▶ [What the task asks]: Quote every line of the data below as it stands, omitting pictures.

▼▼▼

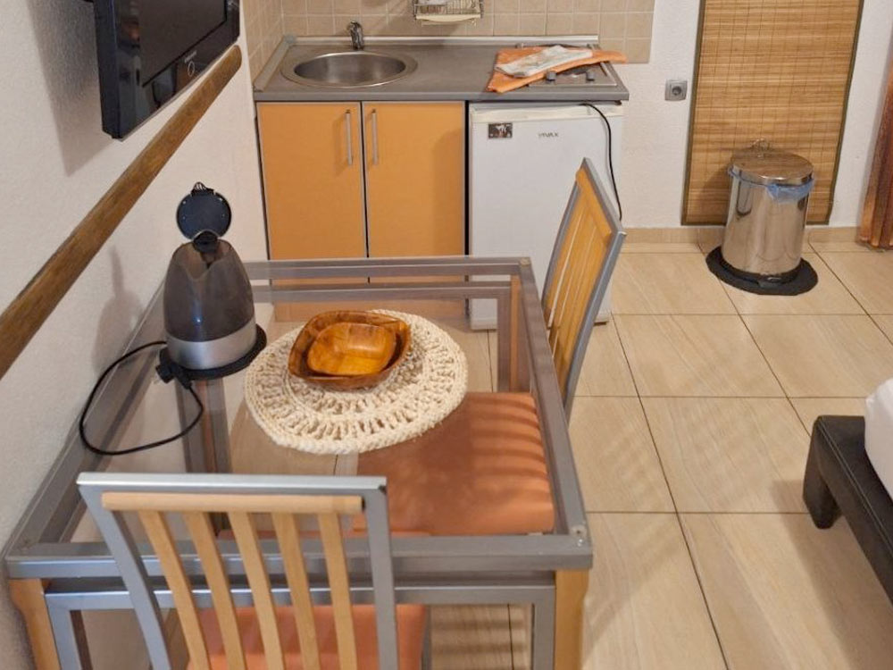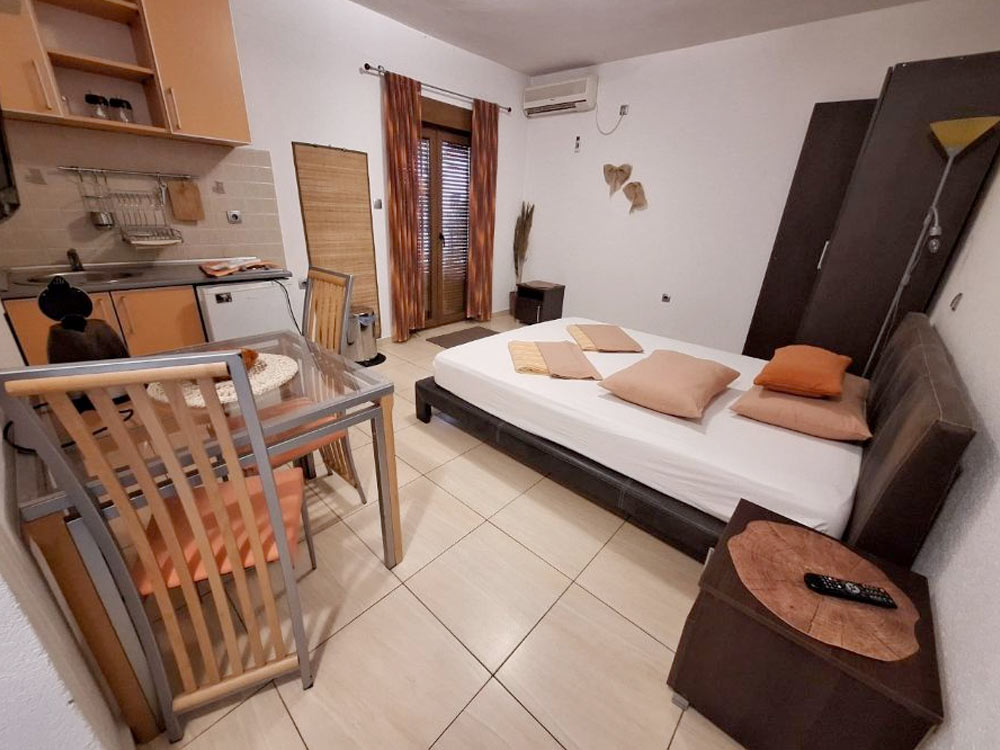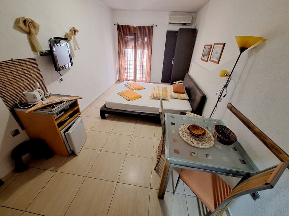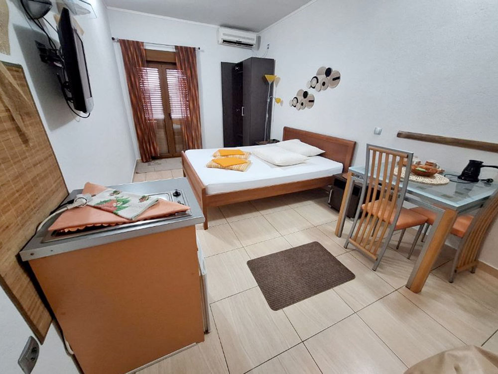 Studio 02 (№8,12,16): 20-23 m2, balcony 3 m2, double bed, kitchenette, private bathroom with shower.
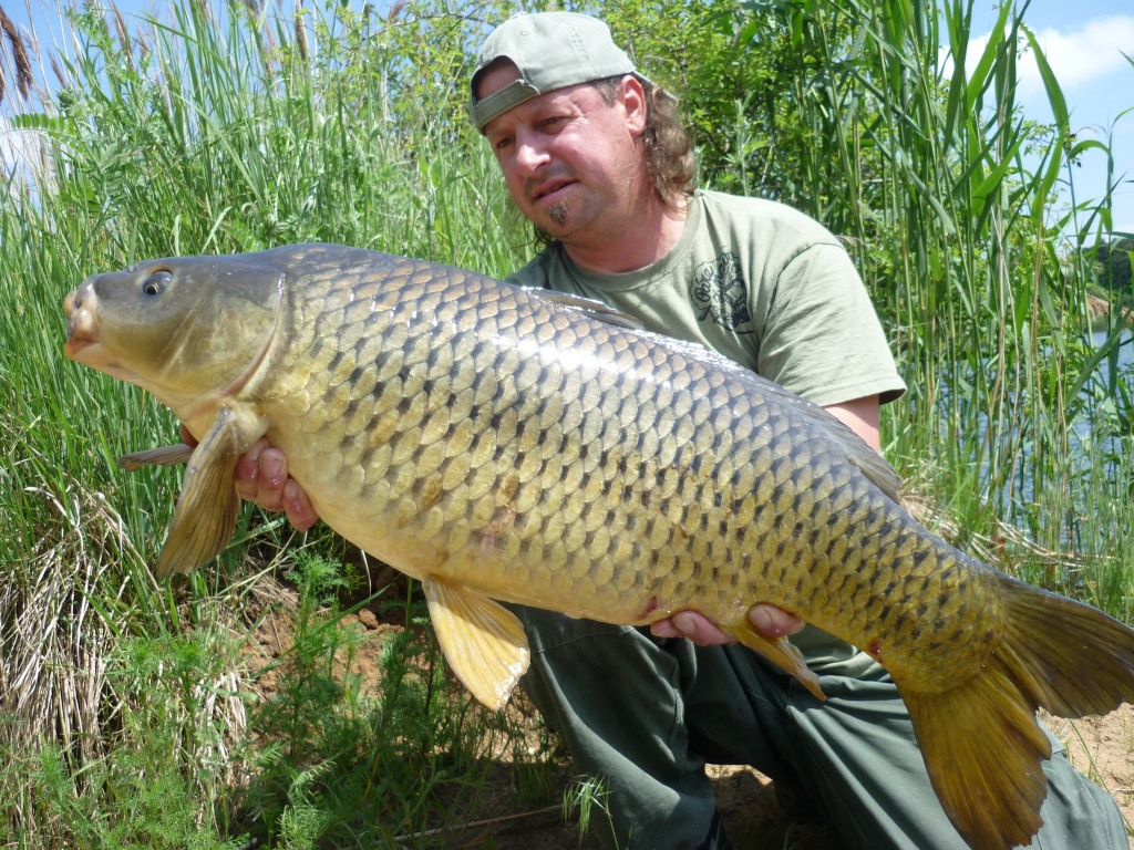 To že jsou na pískovně velké ryby jsem se přesvědčil na vlastní kůži ve středu ráno cca v 2:30hodin. Nádherný záběr na dvě koule o průměru 17 monster crab - ananas. Po 10 minutách souboje mi ryby zajela k rákosí, kde se o stonek zasekla. Skočil jsem do člunu a honem za rybou. Podběrák bohužel zůstal na břehu a kluci si opodál chrupkali v bivaku. Díky čisté vodě, která na této pískovně je jsem spatřil nádherného kapříka cca 20kg a možná i víc. Byl omotaný kolem jednoho stonku. Já rozmotával a řval na kluky, aby mi hodili podběrák. Bohužel než kluci přiběhli, kapr zabral a u dělalo to jen pink u háčku a bylo po kaříkovi. S toho vyplívá "na člun pro rybu, vždy s podběrákem :-))))".
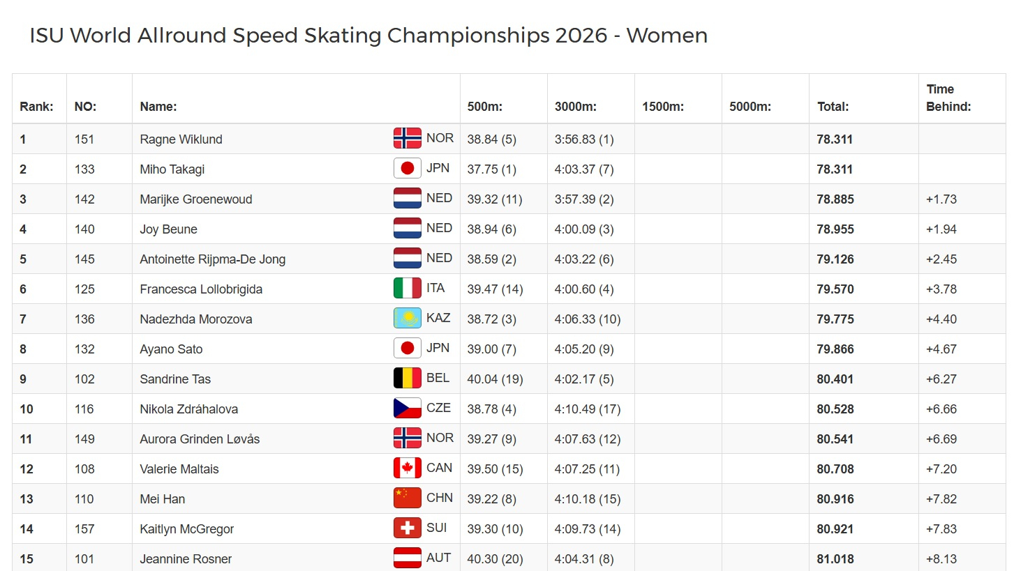 По сумме двух дистанций (500 и 3000) казахстанка занимает седьмое место. Тройка лидеров после двух стартов:
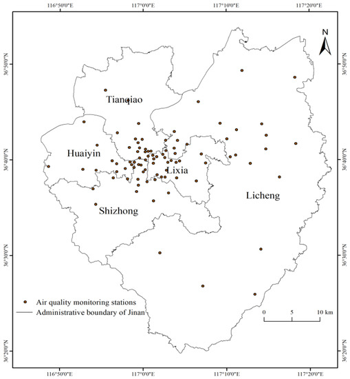 2 in Jinan during June was mainly in the northeastern part of the city, and the low concentration area was primarily located in the southern low hills with high vegetation cover, thus showing a decreasing trend from north to south. The NO
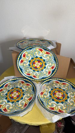 Princess House Limited Edition Colorful Mediterranean Co Style Ceramic Plates (Set) stylish tablescape with vibrant Sonesta dinnerware Platos de cerám$49Anaheim, CA
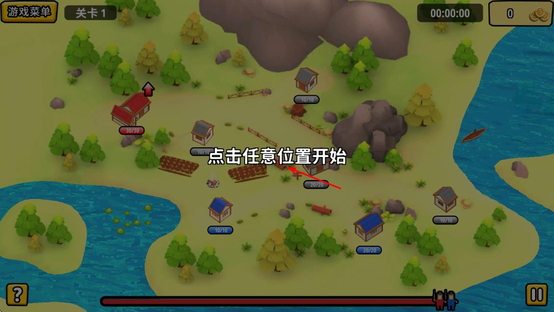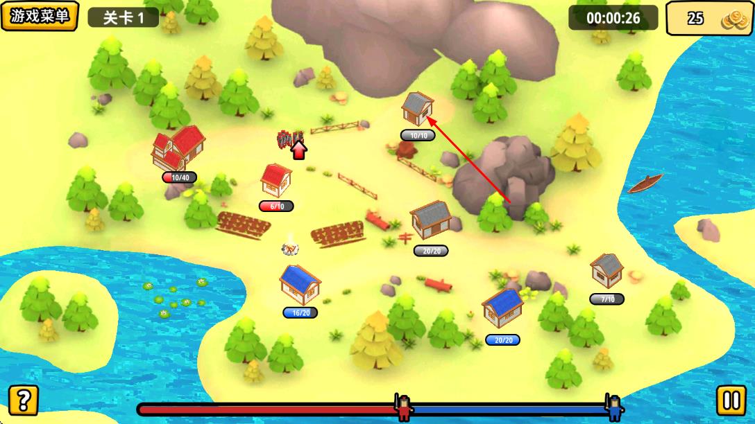 3、點(diǎn)擊小房子,派出紅色士兵占領(lǐng)。
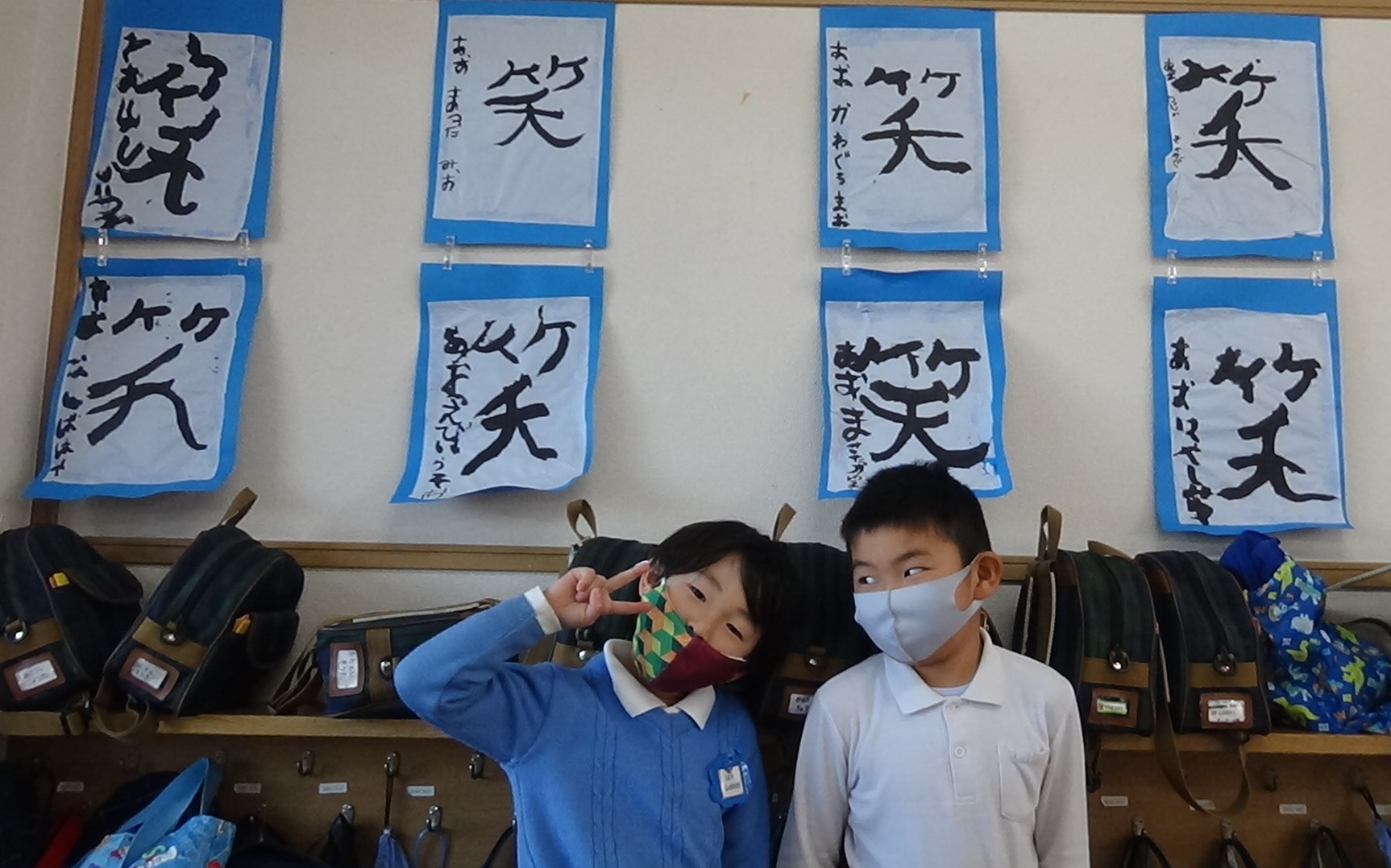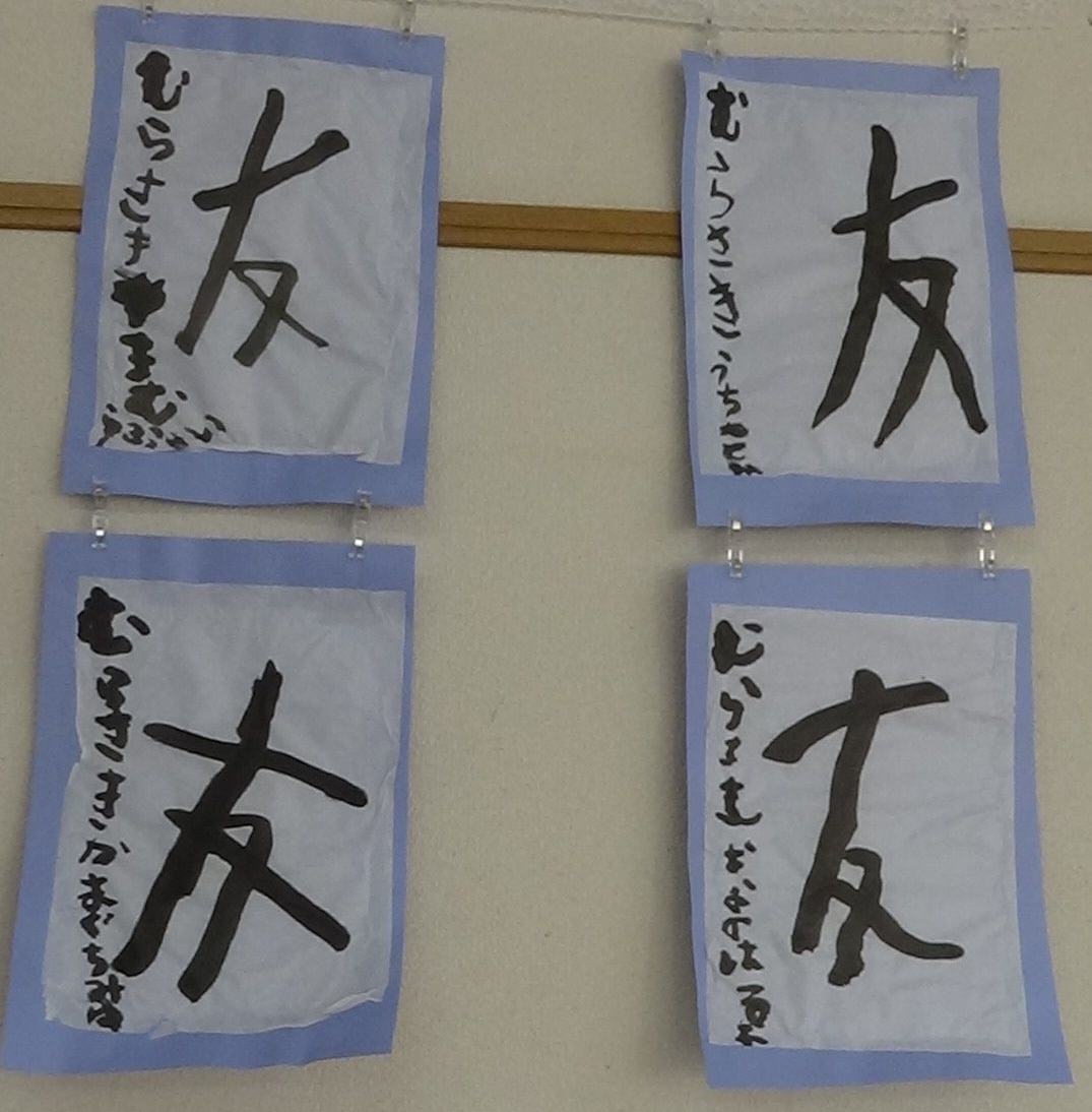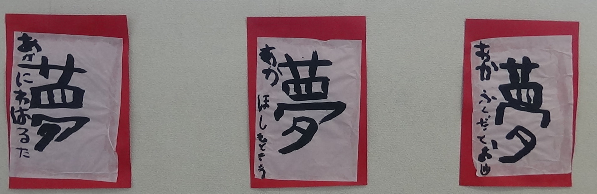 年長組さんはクラスで選んだ一文字を書いてみました。

▲▲▲

▶ [Written response]:
 Studio 02 (№8,12,16): 20-23 m2, balcony 3 m2, double bed, kitchenette, private bathroom with shower.
 To že jsou na pískovně velké ryby jsem se přesvědčil na vlastní kůži ve středu ráno cca v 2:30hodin. Nádherný záběr na dvě koule o průměru 17 monster crab - ananas. Po 10 minutách souboje mi ryby zajela k rákosí, kde se o stonek zasekla. Skočil jsem do člunu a honem za rybou. Podběrák bohužel zůstal na břehu a kluci si opodál chrupkali v bivaku. Díky čisté vodě, která na této pískovně je jsem spatřil nádherného kapříka cca 20kg a možná i víc. Byl omotaný kolem jednoho stonku. Já rozmotával a řval na kluky, aby mi hodili podběrák. Bohužel než kluci přiběhli, kapr zabral a u dělalo to jen pink u háčku a bylo po kaříkovi. S toho vyplívá "na člun pro rybu, vždy s podběrákem :-))))".
 По сумме двух дистанций (500 и 3000) казахстанка занимает седьмое место. Тройка лидеров после двух стартов:
 2 in Jinan during June was mainly in the northeastern part of the city, and the low concentration area was primarily located in the southern low hills with high vegetation cover, thus showing a decreasing trend from north to south. The NO
 Princess House Limited Edition Colorful Mediterranean Co Style Ceramic Plates (Set) stylish tablescape with vibrant Sonesta dinnerware Platos de cerám$49Anaheim, CA
 3、點(diǎn)擊小房子,派出紅色士兵占領(lǐng)。
 年長組さんはクラスで選んだ一文字を書いてみました。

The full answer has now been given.